Scientific classification
- Kingdom: Plantae
- Clade: Tracheophytes
- Clade: Angiosperms
- Clade: Eudicots
- Order: Caryophyllales
- Family: Cactaceae
- Subfamily: Cactoideae
- Genus: Gymnocalycium
- Species: G. capillense
- Binomial name: Gymnocalycium capillense (Schick) Hosseus
- Synonyms: List Echinocactus capillensis Schick; Echinocactus sigelianus Schick ex A.Berger; Echinocactus sutterianus Schick ex A.Berger; Gymnocalycium capillense var. sigelianum (Schick ex A.Berger) H.Till; Gymnocalycium deeszianum Dölz; Gymnocalycium fischeri Halda, Kupčák, Lukašik & Sladk.; Gymnocalycium fischeri subsp. suyuquense F.Berger; Gymnocalycium miltii Halda, Kupčák, Lukašik & Sladk.; Gymnocalycium poeschlii subsp. dolezalii Halda & Milt; Gymnocalycium sigelianum (Schick ex A.Berger) Hosseus; Gymnocalycium sutterianum (Schick ex A.Berger) Hosseus; Gymnocalycium sutterianum subsp. arachnispinum Řepka; Gymnocalycium sutterianum subsp. dolezalii (Halda & Milt) Řepka ;

= Gymnocalycium capillense =

- Genus: Gymnocalycium
- Species: capillense
- Authority: (Schick) Hosseus
- Conservation status: LC

Species of cactus

Gymnocalycium capillense is a species of Gymnocalycium cactus from Argentina.

==Description==
Gymnocalycium capillense has a dull blue-green, broad-spherical plant body that reaches heights and diameters of up to 8 centimeters and produces numerous children. It has up to 13, more or less flat ribs that have low chin-like projections between the depressed areoles. The approximately 5 marginal spines are yellowish to white and up to 1.2 centimeters long.

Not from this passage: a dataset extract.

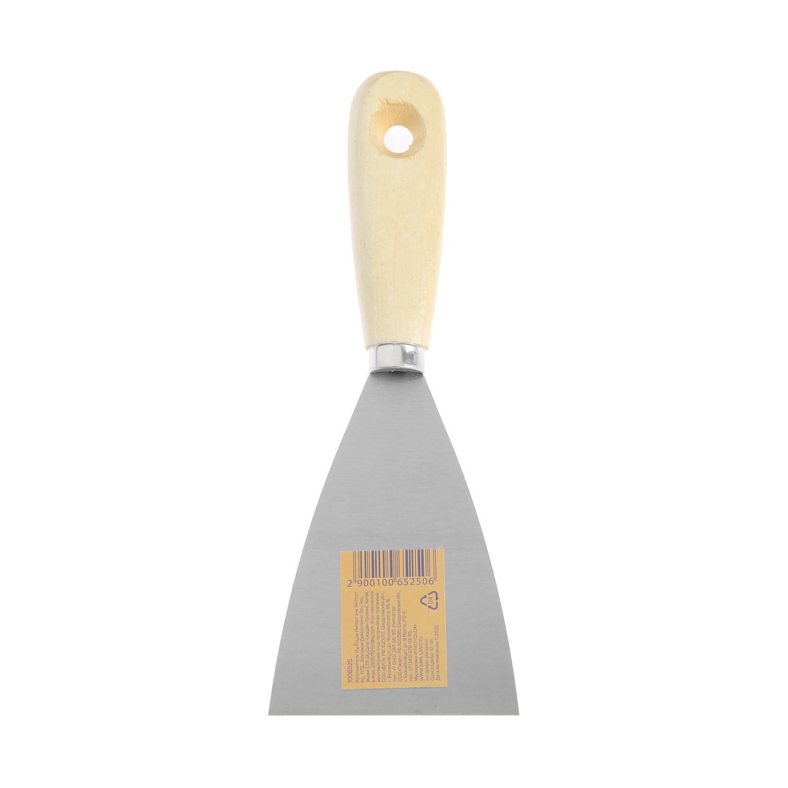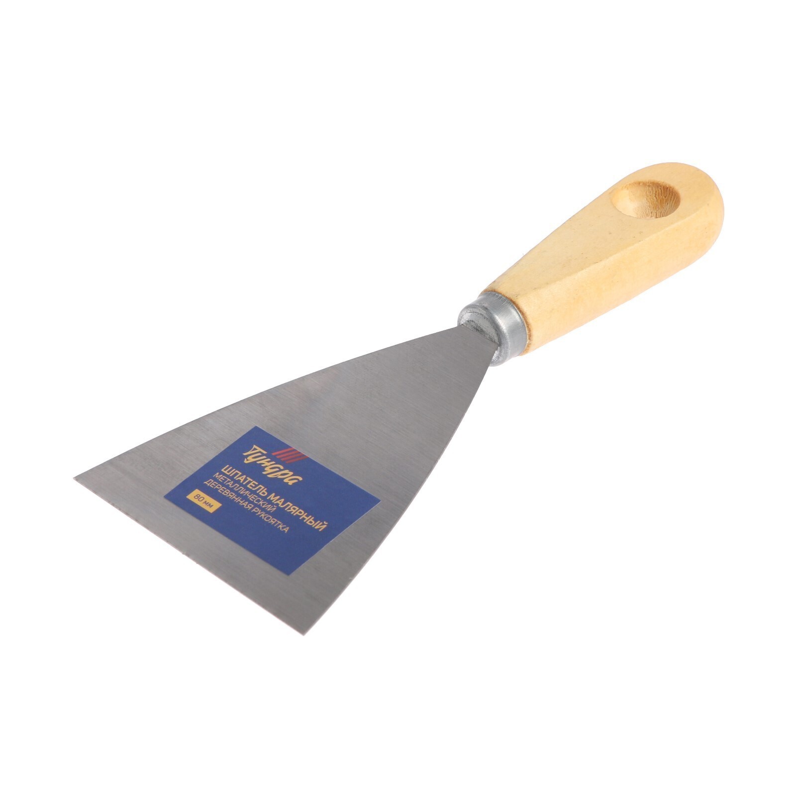 Шпатель малярный ТУНДРА, металлический, деревянная рукоятка, 80 мм

The delicate pink-white flowers are up to 7 centimeters long and up to 6 centimeters in diameter. The club-shaped fruits have a bluish frost.

==Distribution==
Gymnocalycium capillense is widespread in the Argentine province of Córdoba and grows at altitudes of 500 to 1500 meters.

==Taxonomy==
The first description as Echinocactus capillensis was published in 1923 by Carl Schick. The specific epithet capillense refers to the occurrence of the species near Capilla del Monte. Carl Curt Hosseus placed the species in the genus Gymnocalycium in 1926.